== Exercise ==
Each line of the data below from the one holding "Previous Image Next" to the one holding "ポイント@ 器具の設定を変える ★息が弱すぎて物足りない場合こうすると改善できます。", inclusive, is to be reproduced exactly; no other line belongs in the answer.

─── Records supplied

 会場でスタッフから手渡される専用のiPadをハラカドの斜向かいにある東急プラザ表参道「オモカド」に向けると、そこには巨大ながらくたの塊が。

──────
─── Records supplied

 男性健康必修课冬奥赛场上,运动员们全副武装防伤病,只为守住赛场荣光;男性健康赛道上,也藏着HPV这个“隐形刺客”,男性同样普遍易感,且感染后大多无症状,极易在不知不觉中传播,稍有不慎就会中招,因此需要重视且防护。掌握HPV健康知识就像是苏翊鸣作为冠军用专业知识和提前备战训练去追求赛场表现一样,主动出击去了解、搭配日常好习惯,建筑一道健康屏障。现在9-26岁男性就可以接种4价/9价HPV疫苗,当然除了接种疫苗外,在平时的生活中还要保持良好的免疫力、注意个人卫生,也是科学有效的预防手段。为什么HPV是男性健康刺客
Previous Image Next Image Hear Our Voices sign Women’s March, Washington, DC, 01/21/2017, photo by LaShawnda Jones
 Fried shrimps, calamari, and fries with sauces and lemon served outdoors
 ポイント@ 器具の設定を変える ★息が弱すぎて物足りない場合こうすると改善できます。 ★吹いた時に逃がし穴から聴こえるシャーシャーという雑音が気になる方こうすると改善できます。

──────
─── Records supplied

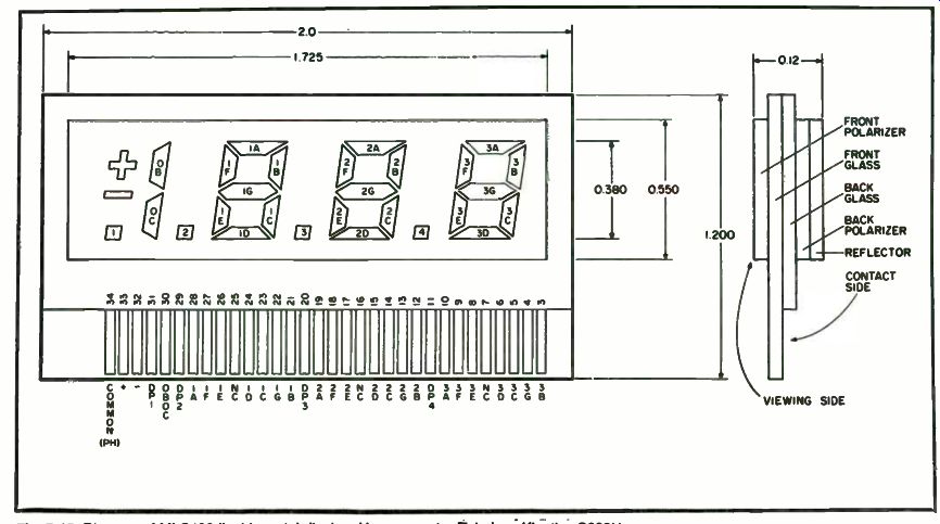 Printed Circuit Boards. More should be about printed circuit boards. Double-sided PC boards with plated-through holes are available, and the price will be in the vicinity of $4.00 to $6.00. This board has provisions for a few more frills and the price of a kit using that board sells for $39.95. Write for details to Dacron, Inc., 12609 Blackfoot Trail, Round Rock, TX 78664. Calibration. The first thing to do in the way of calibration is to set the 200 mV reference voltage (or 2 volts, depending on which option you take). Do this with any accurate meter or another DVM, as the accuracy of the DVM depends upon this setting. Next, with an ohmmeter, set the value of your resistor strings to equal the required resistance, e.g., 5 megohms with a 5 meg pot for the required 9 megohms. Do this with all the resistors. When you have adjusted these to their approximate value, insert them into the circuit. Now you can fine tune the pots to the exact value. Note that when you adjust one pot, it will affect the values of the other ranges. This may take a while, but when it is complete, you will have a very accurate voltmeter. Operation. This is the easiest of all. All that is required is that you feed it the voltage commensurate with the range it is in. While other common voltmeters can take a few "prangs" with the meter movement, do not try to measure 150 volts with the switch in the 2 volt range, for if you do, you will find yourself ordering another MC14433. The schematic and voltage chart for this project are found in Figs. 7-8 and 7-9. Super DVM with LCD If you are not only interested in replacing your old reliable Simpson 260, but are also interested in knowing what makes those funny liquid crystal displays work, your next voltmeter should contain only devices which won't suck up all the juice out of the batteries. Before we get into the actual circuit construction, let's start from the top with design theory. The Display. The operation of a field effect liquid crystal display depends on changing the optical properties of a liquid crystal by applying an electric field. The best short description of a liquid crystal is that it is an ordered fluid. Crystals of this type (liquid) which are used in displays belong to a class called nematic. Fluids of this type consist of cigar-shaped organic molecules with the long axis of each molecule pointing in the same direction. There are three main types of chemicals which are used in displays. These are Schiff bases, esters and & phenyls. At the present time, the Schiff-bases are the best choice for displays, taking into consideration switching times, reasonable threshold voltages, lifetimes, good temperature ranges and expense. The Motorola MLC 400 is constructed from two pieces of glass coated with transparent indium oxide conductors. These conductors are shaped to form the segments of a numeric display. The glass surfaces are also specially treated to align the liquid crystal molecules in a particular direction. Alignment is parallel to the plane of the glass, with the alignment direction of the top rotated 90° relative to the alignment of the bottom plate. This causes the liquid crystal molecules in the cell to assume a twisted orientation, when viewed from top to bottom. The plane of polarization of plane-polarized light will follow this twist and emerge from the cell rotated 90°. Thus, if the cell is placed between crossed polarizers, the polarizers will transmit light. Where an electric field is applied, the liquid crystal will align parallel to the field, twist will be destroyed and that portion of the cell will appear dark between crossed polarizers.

──────

== Answer section ==
Previous Image Next Image Hear Our Voices sign Women’s March, Washington, DC, 01/21/2017, photo by LaShawnda Jones
 Fried shrimps, calamari, and fries with sauces and lemon served outdoors
 ポイント@ 器具の設定を変える ★息が弱すぎて物足りない場合こうすると改善できます。 ★吹いた時に逃がし穴から聴こえるシャーシャーという雑音が気になる方こうすると改善できます。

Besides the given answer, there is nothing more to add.